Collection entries
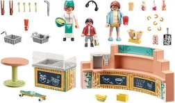 - Figurky a doplňky: Sada přichází s třemi figurkami PLAYMOBIL, pultem prodeje, grilem s fritézou, umyvadlem, stolkem na bistro a řadou dalších doplňků pro kreativní hraní rolí.
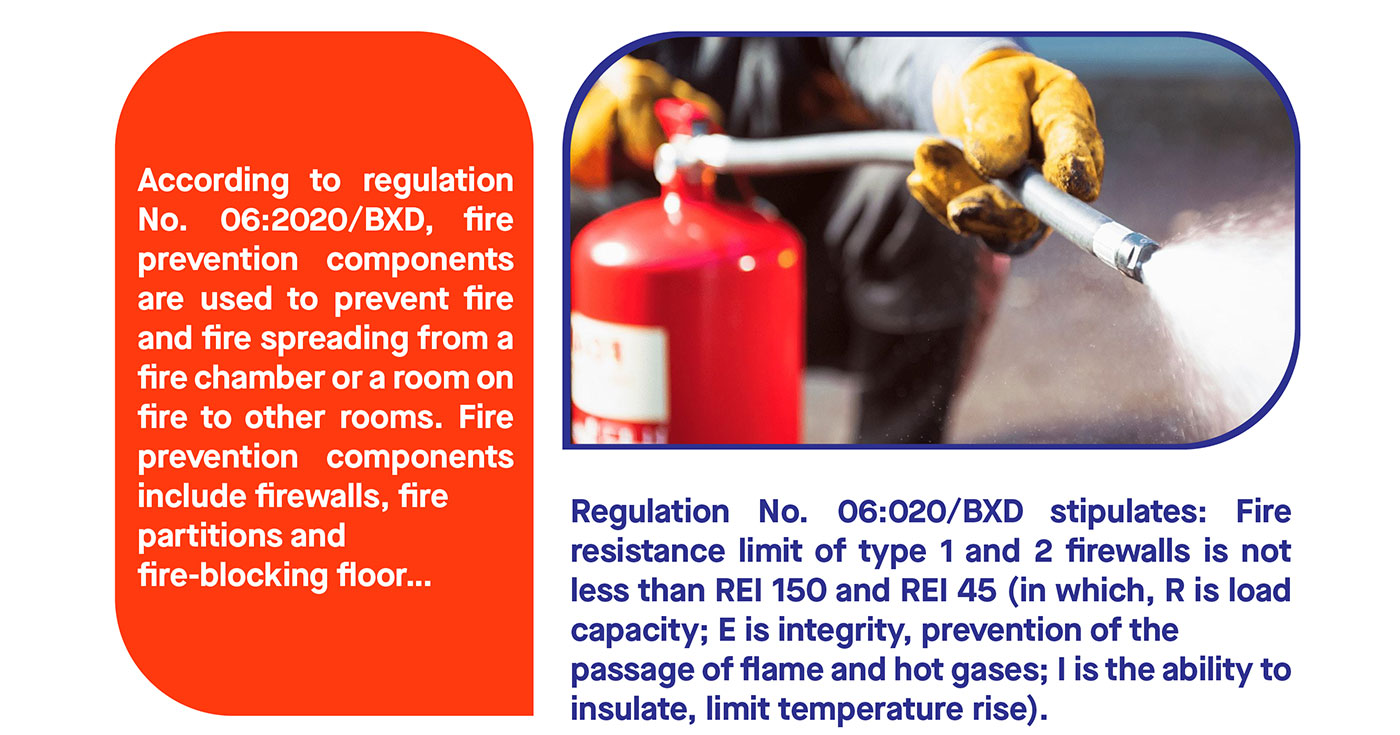 QCVN No. 06:2020/BXD also adjusts the fire resistance limit of some other fire prevention components such as doors and fire valves… to be stricter than that of QCVN No. 06:2010/BXD.
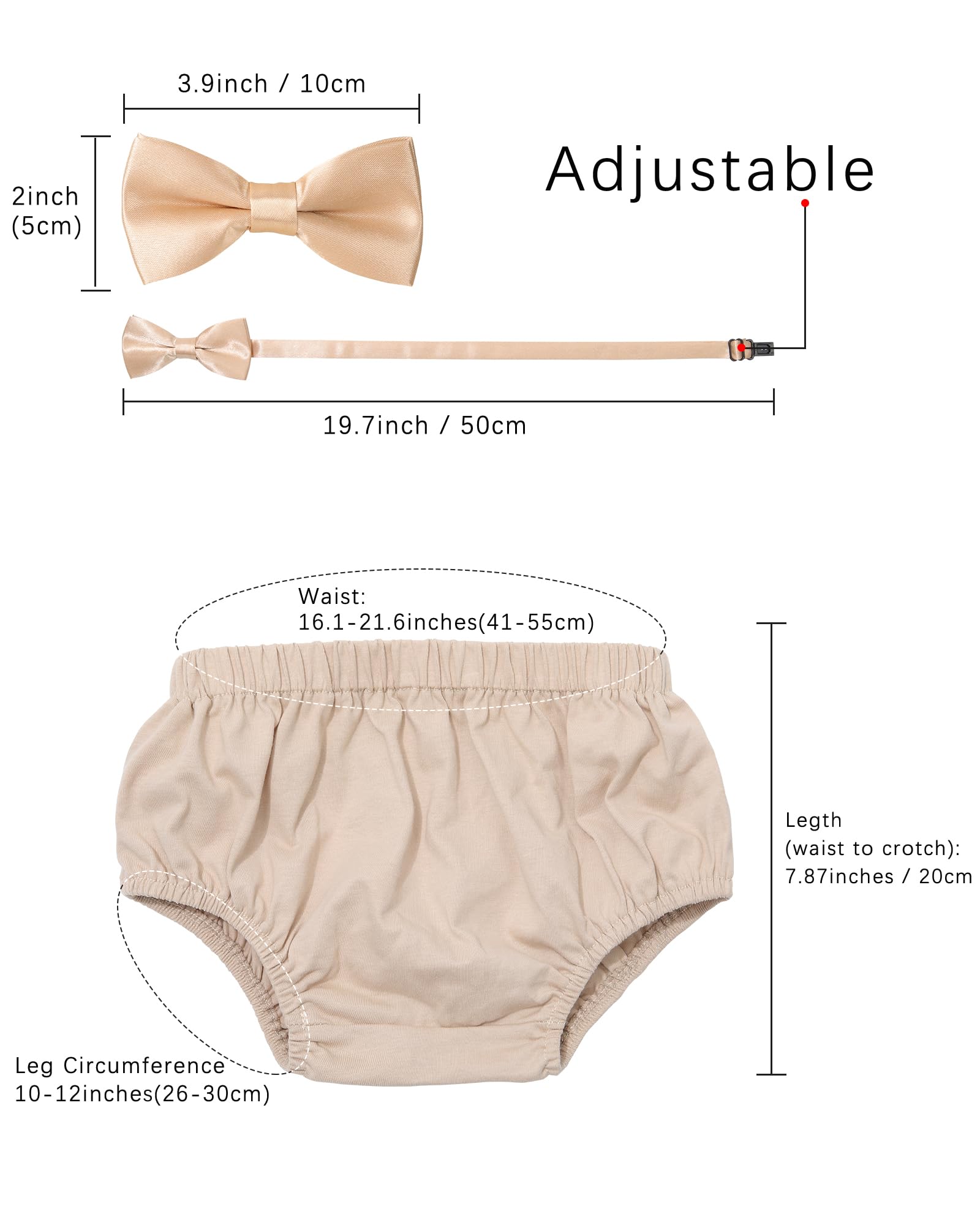 【Size】: Cake pants:waist: 16.1-21.6"/41-55cm, length (waist to crotch): 7.87"/20cm. Suspenders:max length: 25.0"/63.5cm. Bowtie: the 2 * 4'',circumference: 12-17.7"/30-45cm. Crown: 7 x 8CM, 2.7" x 3.1"
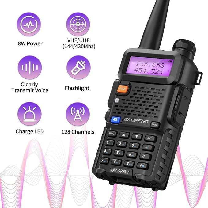 - 8Watts High Power Radio:High/ Mid/Low Power,Dual band / Dual display / Dual standby,128 channels;50 CTCSS and 104 CDCSS,AUTO Keypad Lock,LED Flashlight,FCC ID:2AJGM-UV5R
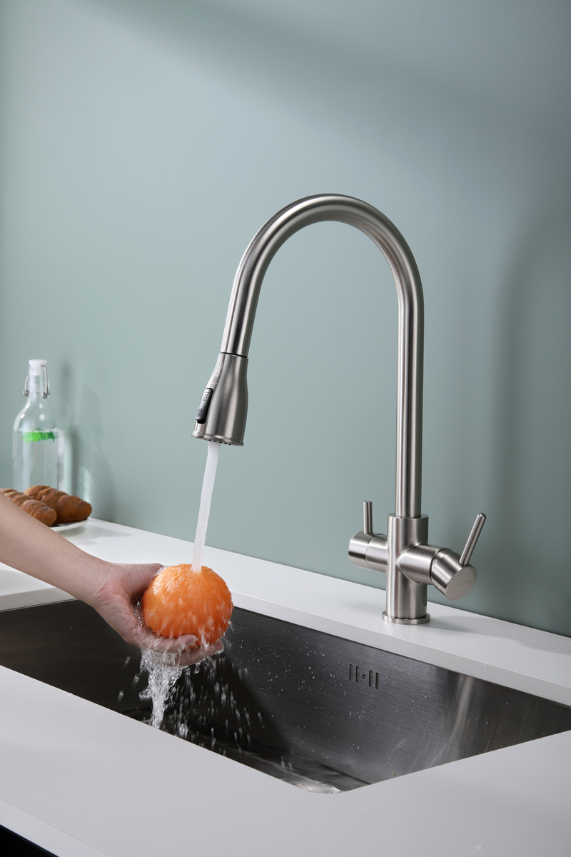 Смеситель LANGE оснащен функциями подключения фильтра питьевой воды, выдвижения излива и двумя режимами подачи водопроводной воды: струя и душ.
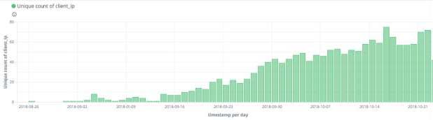 The number of unique IPs from where the requests originated from grew from a few servers to over 70 within the last week.

Exercise instructions
Leave out the pictures and copy every record above exactly.

Response box
 - Figurky a doplňky: Sada přichází s třemi figurkami PLAYMOBIL, pultem prodeje, grilem s fritézou, umyvadlem, stolkem na bistro a řadou dalších doplňků pro kreativní hraní rolí.
 QCVN No. 06:2020/BXD also adjusts the fire resistance limit of some other fire prevention components such as doors and fire valves… to be stricter than that of QCVN No. 06:2010/BXD.
 【Size】: Cake pants:waist: 16.1-21.6"/41-55cm, length (waist to crotch): 7.87"/20cm. Suspenders:max length: 25.0"/63.5cm. Bowtie: the 2 * 4'',circumference: 12-17.7"/30-45cm. Crown: 7 x 8CM, 2.7" x 3.1"
 - 8Watts High Power Radio:High/ Mid/Low Power,Dual band / Dual display / Dual standby,128 channels;50 CTCSS and 104 CDCSS,AUTO Keypad Lock,LED Flashlight,FCC ID:2AJGM-UV5R
 Смеситель LANGE оснащен функциями подключения фильтра питьевой воды, выдвижения излива и двумя режимами подачи водопроводной воды: струя и душ.
 The number of unique IPs from where the requests originated from grew from a few servers to over 70 within the last week.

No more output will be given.